Then you can provision the schema into Datomic using:

Datomic.transact(ops) map { tx =>
  ...
  // do something
  //
}

The preferred way

Ok the previous is cool as you can validate and provision a clojure schema using Datomisca. But Datomisca provides a programmatic way of writing schema in Scala. This brings :

scala idiomatic way of manipulating schema
Type-safety to Datomic schema attributes.

Let’s see the code directly:

// Sex Schema
object SexSchema {
  // First create your namespace
  object ns {
    val sex = Namespace("sex")
  }

  // enumerated values
  val FEMALE  = AddIdent(ns.sex / "female") // :sex/female
  val MALE    = AddIdent(ns.sex / "male")   // :sex/male

  // facts representing the schema to be provisioned
  val txData = Seq(FEMALE, MALE)
}

// Eucalyptus Schema
object EucalyptusSchema {
  object ns {
    val eucalyptus  = new Namespace("eucalyptus") { // new is just here to allow structural construction
      val species   = Namespace("species")
    }
  }

  // different species
  val MANNA_GUM           = AddIdent(ns.eucalyptus.species / "manna_gum")
  val TASMANIAN_BLUE_GUM  = AddIdent(ns.eucalyptus.species / "tasmanian_blue_gum")
  val SWAMP_GUM           = AddIdent(ns.eucalyptus.species / "swamp_gum")
  val GRY_GUM             = AddIdent(ns.eucalyptus.species / "grey_gum")
  val RIVER_RED_GUM       = AddIdent(ns.eucalyptus.species / "river_red_gum")
  val TALLOWWOOD          = AddIdent(ns.eucalyptus.species / "tallowwood")

  // schema attributes
  val species  = Attribute(ns.eucalyptus / "species", SchemaType.ref, Cardinality.one).withDoc("Eucalyptus's species")
  val row      = Attribute(ns.eucalyptus / "row", SchemaType.long, Cardinality.one).withDoc("Eucalyptus's row")
  val col      = Attribute(ns.eucalyptus / "col", SchemaType.long, Cardinality.one).withDoc("Eucalyptus's column")

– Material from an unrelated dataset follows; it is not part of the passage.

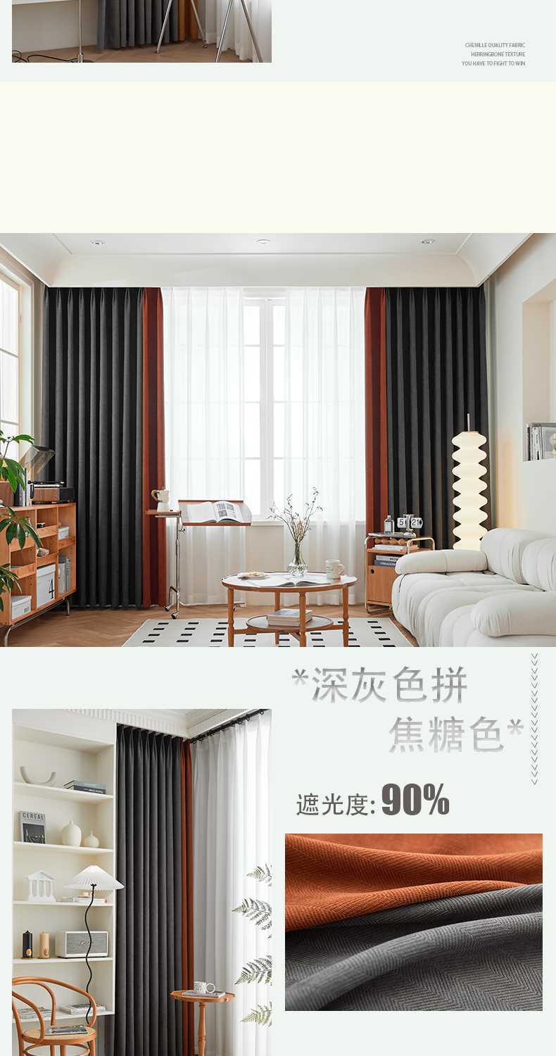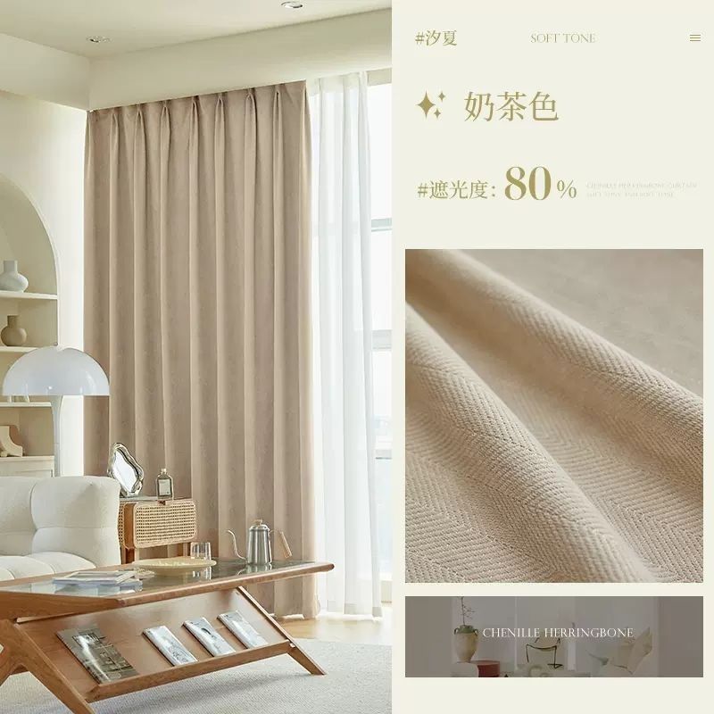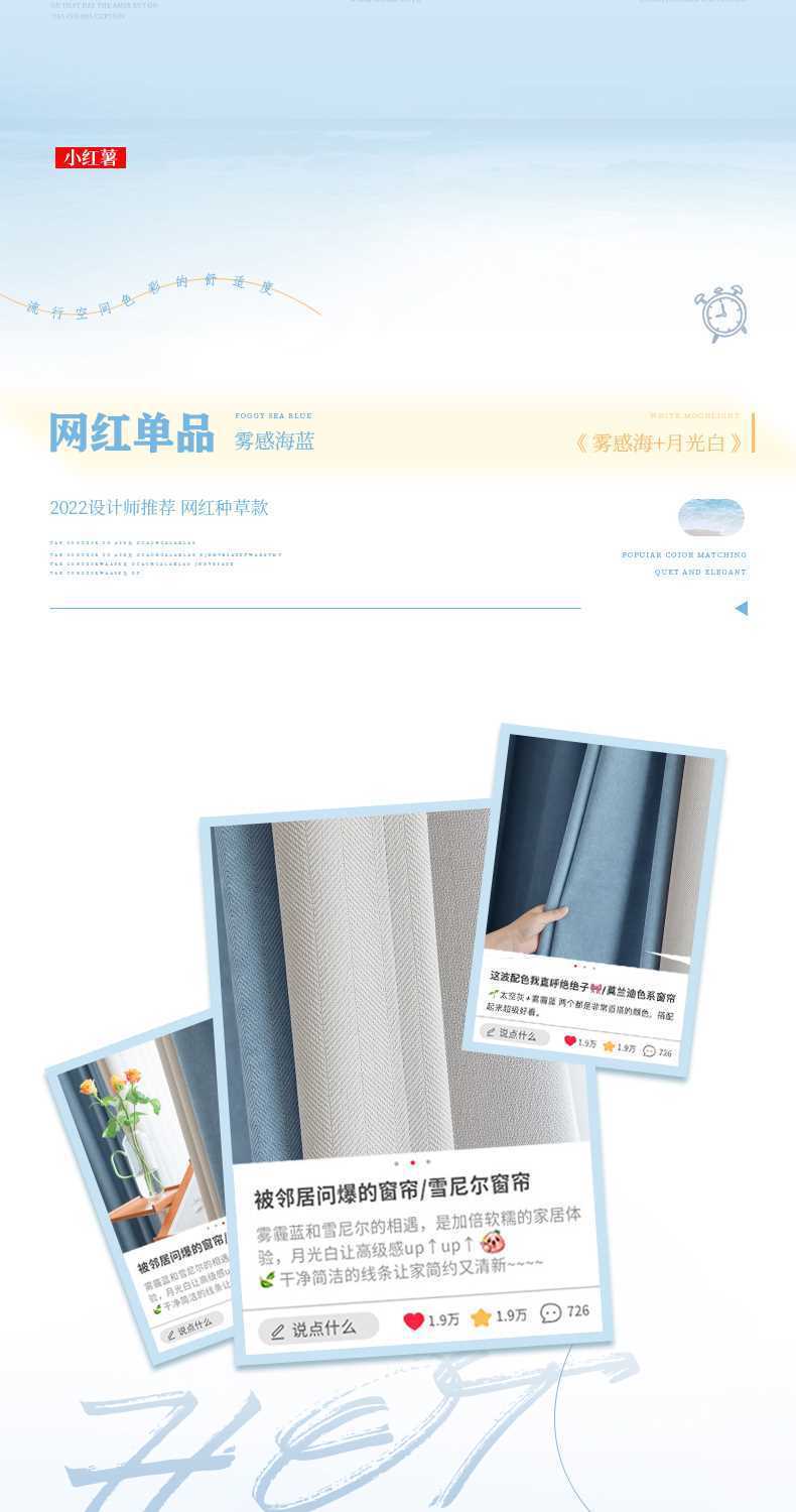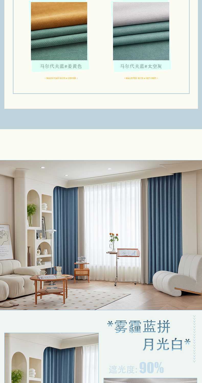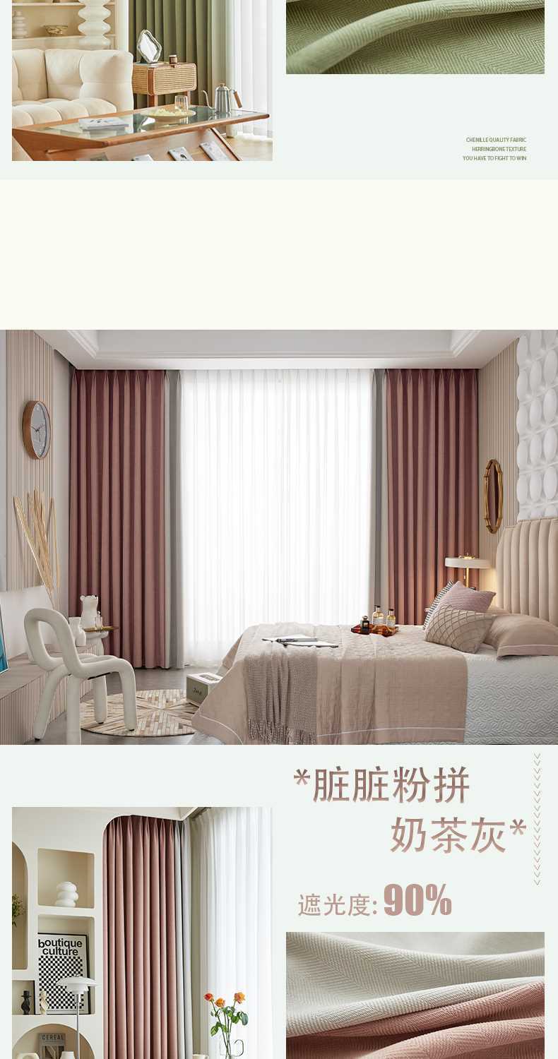 헤링본 셔닐 커튼 빛 차단 2025 새로운 스타일 ins 스타일 침실 거실 컬러 매칭 일본식 헤이즈 블루 코튼과 린넨
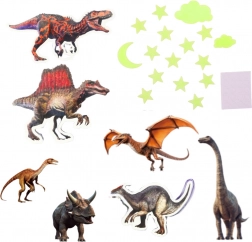 Naljepnice su izrađene od sigurnih, netoksičnih materijala koji ispunjavaju europske standarde. Odlične su kao kreativna dekoracija i kao pomoć pri uspavljivanju. Kombinacija šarenih dinosaura i svjetlećih elemenata stvara privlačnu i zabavnu kompoziciju.

  // facts representing the schema to be provisioned
  val txData = Seq(
    species, row, col,
    MANNA_GUM, TASMANIAN_BLUE_GUM, SWAMP_GUM,
    GRY_GUM, RIVER_RED_GUM, TALLOWWOOD
  )
}

// Koala Schema
object KoalaSchema {
  object ns {
    val koala = Namespace("koala")
  }

  // schema attributes
  val name         = Attribute(ns.koala / "name", SchemaType.string, Cardinality.one).withDoc("Koala's name").withUnique(Unique.value)
  val age          = Attribute(ns.koala / "age", SchemaType.long, Cardinality.one).withDoc("Koala's age")
  val sex          = Attribute(ns.koala / "sex", SchemaType.ref, Cardinality.one).withDoc("Koala's sex")
  val eucalyptus   = Attribute(ns.koala / "eucalyptus", SchemaType.ref, Cardinality.many).withDoc("Koala's trees")

  // facts representing the schema to be provisioned
  val txData = Seq(name, age, sex, eucalyptus)
}


// Provision Schema by just accumulating all txData
Datomic.transact(
  SexSchema.txData ++
  EucalyptusSchema.txData ++
  KoalaSchema.txData
) map { tx =>
  ...
}

Nothing complicated, isn’t it?

Exactly the same as writing Clojure schema but in Scala…

Datomisca type-safe schema

Datomisca takes advantage of Scala type-safety to enhance Datomic schema attribute and make them static-typed. Have a look at Datomisca Attribute definition:

sealed trait Attribute[DD <: DatomicData, Card <: Cardinality]

So an Attribute is typed by 2 parameters:

a DatomicData type
a Cardinality type

So when you define a schema attribute using Datomisca API, the compiler also infers those types.

Take this example:

val name  = Attribute(ns / "name", SchemaType.string, Cardinality.one).withDoc("Koala's name").withUnique(Unique.value)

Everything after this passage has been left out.